> Work item:
Starting at the line that contains "A proud peacock" and stopping at the line that contains "Mit dem Taxi", restate each line of the records below exactly. Omit the pictures.

*** Materials provided Section Begins ***

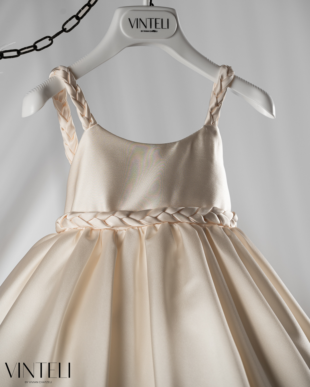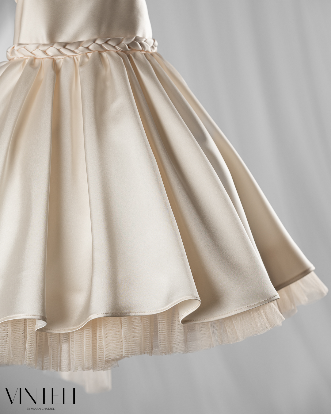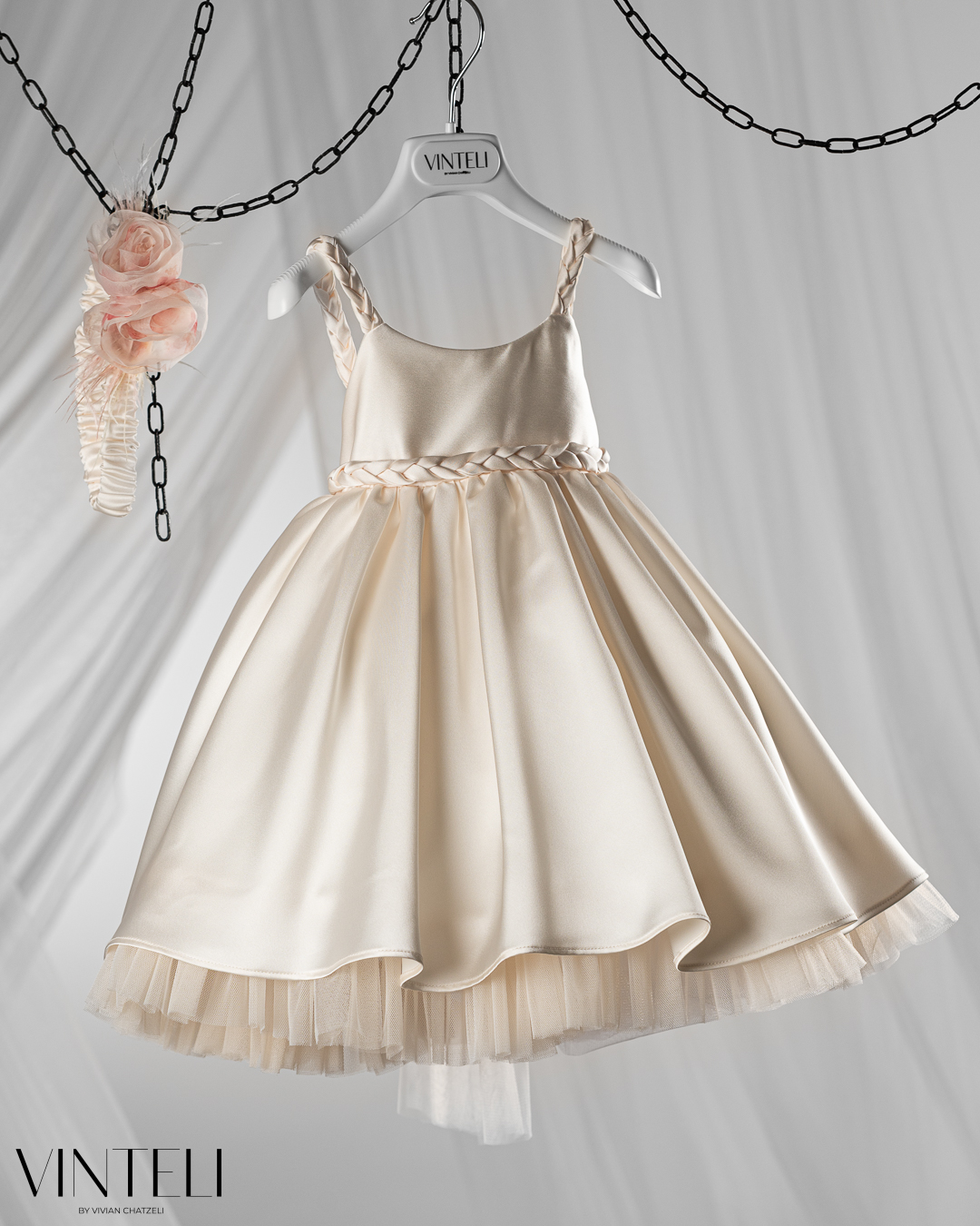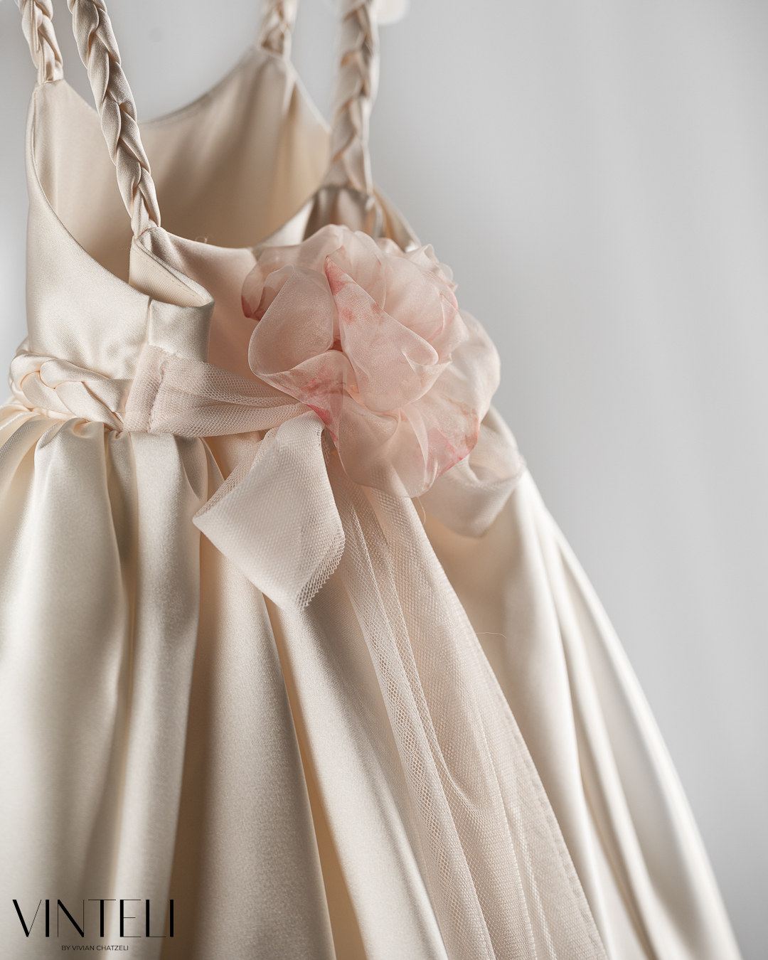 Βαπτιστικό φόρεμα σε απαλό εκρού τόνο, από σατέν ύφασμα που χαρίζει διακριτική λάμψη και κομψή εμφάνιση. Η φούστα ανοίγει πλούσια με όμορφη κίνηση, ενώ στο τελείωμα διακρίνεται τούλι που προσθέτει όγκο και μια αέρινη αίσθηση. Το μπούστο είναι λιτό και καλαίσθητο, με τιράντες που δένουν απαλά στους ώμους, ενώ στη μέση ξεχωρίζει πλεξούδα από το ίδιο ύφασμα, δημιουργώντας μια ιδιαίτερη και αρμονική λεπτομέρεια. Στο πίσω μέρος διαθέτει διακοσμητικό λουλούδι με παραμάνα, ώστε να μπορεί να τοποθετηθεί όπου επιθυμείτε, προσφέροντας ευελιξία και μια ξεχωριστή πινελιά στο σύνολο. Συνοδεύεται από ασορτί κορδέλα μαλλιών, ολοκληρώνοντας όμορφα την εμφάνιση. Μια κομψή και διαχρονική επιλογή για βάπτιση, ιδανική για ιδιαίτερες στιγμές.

*** Materials provided Section Ends ***
*** Materials provided Section Begins ***

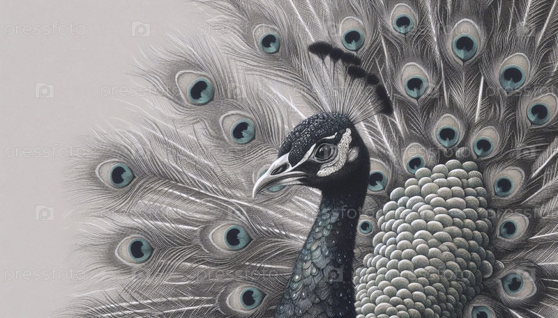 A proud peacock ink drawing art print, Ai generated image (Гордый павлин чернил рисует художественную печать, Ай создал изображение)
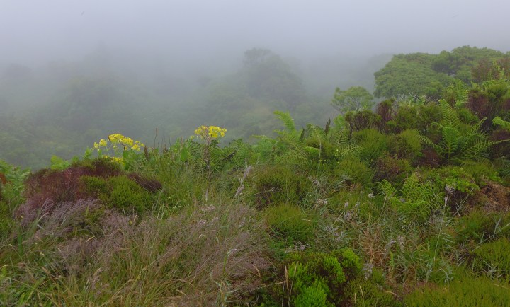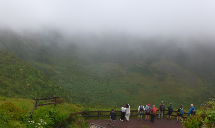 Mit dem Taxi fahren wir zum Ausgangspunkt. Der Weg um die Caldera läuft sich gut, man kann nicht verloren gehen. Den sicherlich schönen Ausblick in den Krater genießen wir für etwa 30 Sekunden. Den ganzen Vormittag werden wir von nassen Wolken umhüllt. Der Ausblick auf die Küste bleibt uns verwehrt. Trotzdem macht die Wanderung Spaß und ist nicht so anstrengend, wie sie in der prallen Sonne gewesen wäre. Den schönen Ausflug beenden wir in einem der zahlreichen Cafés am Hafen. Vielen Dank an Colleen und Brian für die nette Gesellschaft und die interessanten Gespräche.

*** Materials provided Section Ends ***
*** Materials provided Section Begins ***

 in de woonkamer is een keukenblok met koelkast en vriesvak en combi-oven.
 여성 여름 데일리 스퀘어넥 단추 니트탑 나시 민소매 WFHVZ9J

*** Materials provided Section Ends ***

> Response:
 A proud peacock ink drawing art print, Ai generated image (Гордый павлин чернил рисует художественную печать, Ай создал изображение)
 Mit dem Taxi fahren wir zum Ausgangspunkt. Der Weg um die Caldera läuft sich gut, man kann nicht verloren gehen. Den sicherlich schönen Ausblick in den Krater genießen wir für etwa 30 Sekunden. Den ganzen Vormittag werden wir von nassen Wolken umhüllt. Der Ausblick auf die Küste bleibt uns verwehrt. Trotzdem macht die Wanderung Spaß und ist nicht so anstrengend, wie sie in der prallen Sonne gewesen wäre. Den schönen Ausflug beenden wir in einem der zahlreichen Cafés am Hafen. Vielen Dank an Colleen und Brian für die nette Gesellschaft und die interessanten Gespräche.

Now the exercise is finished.